Further assumptions are necessary if a regression coefficient is to be given a causal interpretation . . .

Normality and equal variance are typically minor concerns, unless you’re using the model to make predictions for individual data points.

Andrew Gelman

Yours truly can’t but concur (having touched upon this before here), especially on the “decreasing order of importance” of the assumptions. But then, of course, one really has to wonder why econometrics textbooks — almost invariably — turn this order of importance upside-down and don’t have more thorough discussions on the overriding importance of Gelman/Hill’s two first points …

Comments (8) Leave a comment

lyonwiss

October 3, 2013 at 7:38 am

Reply

Of course these linear regression assumptions are rarely, if ever, satisfied in applied econometrics and they are never mentioned, because model error analysis would inconveniently show statistical insignificance and destroy the worth of many papers, because valid conclusions cannot be drawn the datasets.

So without even mentioning the possibility of model errors, a vast majority of papers simply assert t-values > 3 and R-square greater than about 50 percent indicate statistical significance etc. As those assumptions are almost never met, R-square has to exceed 90 percent (i.e. model and actual values have to be very highly correlated) to indicate statistical significance or sufficiently high signal-to-noise ratio. This level of correlation is almost never found in economic datasets (used in published papers).

Bernanke’s expert status on “The Great Depression” rests mainly on his book (with that title) containing many linear regression analyses using sparse datasets for the depression years of several countries. His expertise has been put to the test in the past several years and he has been claiming victory, according to the data which the US government manipulates.

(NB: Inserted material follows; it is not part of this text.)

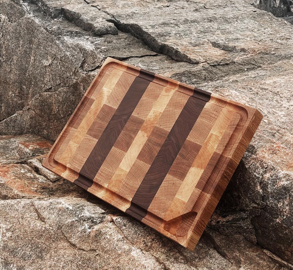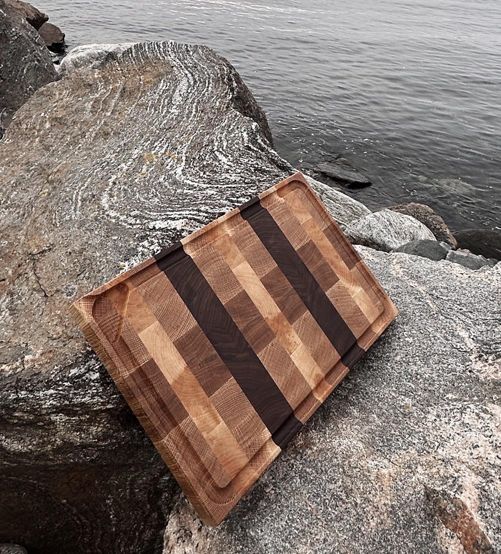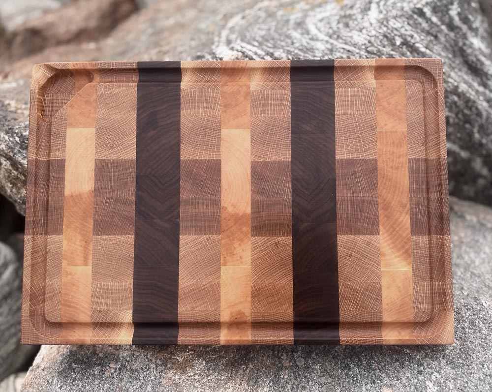 Skjærefjøl i eik, valnøtt og bjørk endeved.

This is why economics is a pretend science. The econometric models used by governments do not justify the excessive confidence placed in their extreme policies.
- lyonwiss
  
  October 3, 2013 at 8:40 am
  
  Reply
  
  By the way, I should add that the nature and distribution of model errors are often due to the failure of the first two assumptions (point of this post) to be satisfied. For example, nonlinear dependence of a variable can show up as changing asymmetry or lopsidedness of the spread of model errors as the actual or model values changes. Such nonlinear dependence would be evident if error analysis were undertaken, which appears rarely.
- lyonwiss
  
  October 3, 2013 at 9:09 am
  
  Reply
  
  Also, linear regression econometric models do not provide any guide to what happens when variables are changed by large amounts. For examples, if an official interest rate move from 6 percent to 5.8 percent indicates increased production by 0.2 percent (say). It does not follow that at 3 percent official rate, production would increase by 3 percent. At 3 percent official rate, production may even contract and do anything else unpredictable, because linear models are valid only for limited perturbation of the variables.
  
  This was exactly what happened in the GFC, where credit agency and bank internal risk models were all based on “reduced form” (linear regression) models, which predicted linear increases in credit defaults in proportion to increases in the amount mortgage loans. Of course the reality is nonlinear, because there were tipping points, beyond which credit defaults increase nonlinearly with the amount of credit. We suffer seriously from pseudo-science.
guest

October 3, 2013 at 9:32 am

Reply

A question from somebody not at all involved in economics: is there any use of non-parametric methods in econometric models at all, or do they by default rely on regressions, even in the presence of sparse data and inappropriate linearity constraints?
- lyonwiss
  
  October 3, 2013 at 11:02 am
  
  Reply
  
  If you make a lot of assumptions, you can draw a lot of conclusions, which are likely to be wrong, because the more assumptions you make the more likely you are to make false ones. The power of making strong assumptions (e.g. normal distribution) is restrained by increased likelihood of false conclusions. This is the path of most econometrics.
  
  Non-parametric methods make few assumptions (e.g. about distributions) and therefore can draw few conclusions. But the conclusions drawn from non-parametric methods are much more likely to be correct. From a scientific point of view, non-parametric methods should be preferred in presenting economic data, in view data limitations.
  
  Non-parametric methods are less popular with economists because they do not allow economists to make grandiose claims about their ability to forecast the future. An honest economic science should start off with non-parametric methods.
Judea Pearl

October 4, 2013 at 11:45 am

Reply

I must disagree with the list
of assumptions listed in Gelman and Hill’s book.
Linear regression models need not make all the
assumption listed above.

The most obvious needless assumption is
Assumption 3: “Independence of errors”.
This is needed ONLY if a regression coefficient is to be
given a causal interpretation. Otherwise, error independence
is achieved automatically in linear systems, since
the regression coefficient is fitted so as to satisfy
this independence.

(The regression coefficient is the slope of E[Y|X=x])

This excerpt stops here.